_Records for the task_
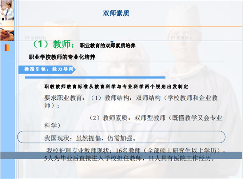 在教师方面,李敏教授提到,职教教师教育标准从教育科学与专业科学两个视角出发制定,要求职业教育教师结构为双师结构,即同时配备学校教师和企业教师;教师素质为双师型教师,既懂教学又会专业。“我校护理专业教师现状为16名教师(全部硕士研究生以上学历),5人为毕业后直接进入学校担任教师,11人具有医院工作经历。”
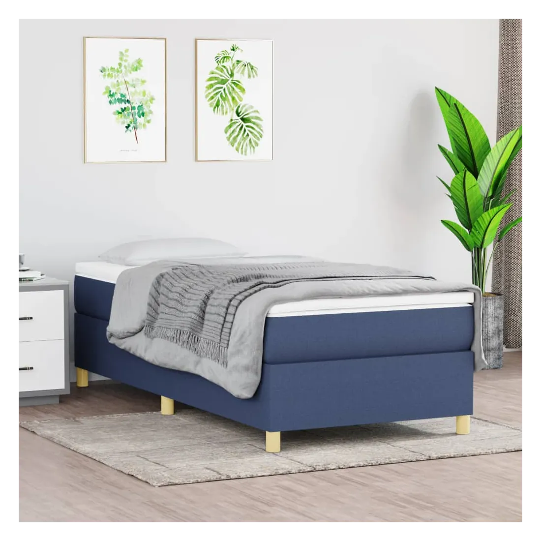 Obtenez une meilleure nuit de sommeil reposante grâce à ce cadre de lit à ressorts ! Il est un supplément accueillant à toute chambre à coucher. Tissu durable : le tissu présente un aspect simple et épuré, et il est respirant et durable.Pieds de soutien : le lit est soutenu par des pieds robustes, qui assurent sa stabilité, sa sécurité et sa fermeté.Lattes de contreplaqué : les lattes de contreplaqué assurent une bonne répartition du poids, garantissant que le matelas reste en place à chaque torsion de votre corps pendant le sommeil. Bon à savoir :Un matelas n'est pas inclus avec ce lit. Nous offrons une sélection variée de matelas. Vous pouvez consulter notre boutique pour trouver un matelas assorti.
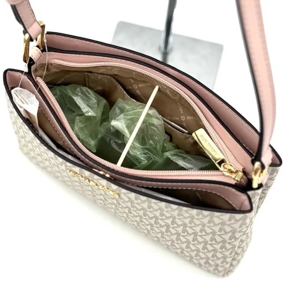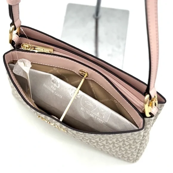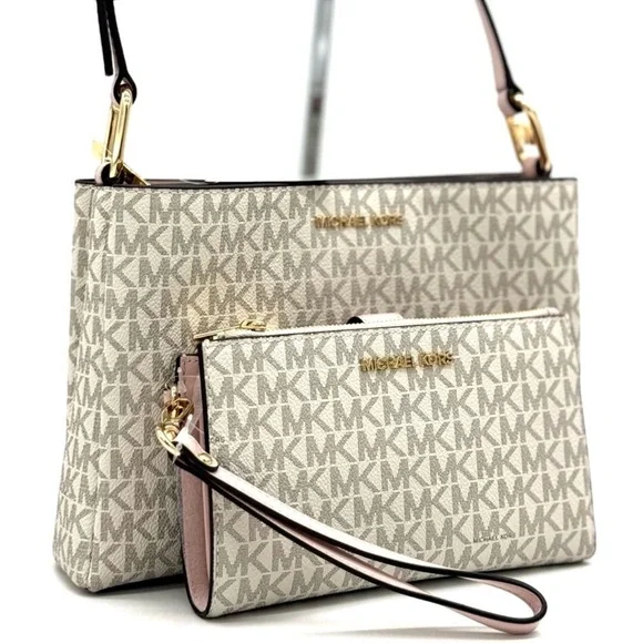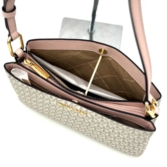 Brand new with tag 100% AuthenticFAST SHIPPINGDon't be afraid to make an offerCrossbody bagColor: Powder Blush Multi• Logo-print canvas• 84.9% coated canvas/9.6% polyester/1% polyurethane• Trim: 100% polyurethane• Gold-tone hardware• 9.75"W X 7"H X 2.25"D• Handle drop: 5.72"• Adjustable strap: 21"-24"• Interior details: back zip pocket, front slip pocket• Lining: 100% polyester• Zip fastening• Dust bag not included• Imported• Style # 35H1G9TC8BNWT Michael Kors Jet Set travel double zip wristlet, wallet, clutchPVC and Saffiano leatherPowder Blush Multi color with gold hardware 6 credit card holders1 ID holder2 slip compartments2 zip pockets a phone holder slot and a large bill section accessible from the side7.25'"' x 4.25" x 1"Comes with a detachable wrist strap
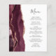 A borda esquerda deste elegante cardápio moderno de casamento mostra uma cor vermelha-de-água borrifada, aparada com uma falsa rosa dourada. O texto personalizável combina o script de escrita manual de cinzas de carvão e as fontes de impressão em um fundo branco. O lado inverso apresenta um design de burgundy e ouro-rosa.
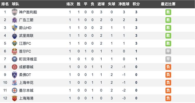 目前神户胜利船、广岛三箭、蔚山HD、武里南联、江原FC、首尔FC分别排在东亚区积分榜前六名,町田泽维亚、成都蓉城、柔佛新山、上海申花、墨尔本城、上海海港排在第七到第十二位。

==

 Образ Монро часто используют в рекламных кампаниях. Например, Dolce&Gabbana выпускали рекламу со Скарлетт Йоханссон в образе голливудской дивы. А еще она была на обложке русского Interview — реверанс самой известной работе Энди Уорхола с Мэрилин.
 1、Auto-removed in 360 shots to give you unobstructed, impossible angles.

_Activity_
Using the material above, reproduce only the lines that run from the line with "在教师方面,李敏教授提到,职" up to and including the line with "Obtenez une meilleure", exactly, with the pictures dropped.

_Output_
 在教师方面,李敏教授提到,职教教师教育标准从教育科学与专业科学两个视角出发制定,要求职业教育教师结构为双师结构,即同时配备学校教师和企业教师;教师素质为双师型教师,既懂教学又会专业。“我校护理专业教师现状为16名教师(全部硕士研究生以上学历),5人为毕业后直接进入学校担任教师,11人具有医院工作经历。”
 Obtenez une meilleure nuit de sommeil reposante grâce à ce cadre de lit à ressorts ! Il est un supplément accueillant à toute chambre à coucher. Tissu durable : le tissu présente un aspect simple et épuré, et il est respirant et durable.Pieds de soutien : le lit est soutenu par des pieds robustes, qui assurent sa stabilité, sa sécurité et sa fermeté.Lattes de contreplaqué : les lattes de contreplaqué assurent une bonne répartition du poids, garantissant que le matelas reste en place à chaque torsion de votre corps pendant le sommeil. Bon à savoir :Un matelas n'est pas inclus avec ce lit. Nous offrons une sélection variée de matelas. Vous pouvez consulter notre boutique pour trouver un matelas assorti.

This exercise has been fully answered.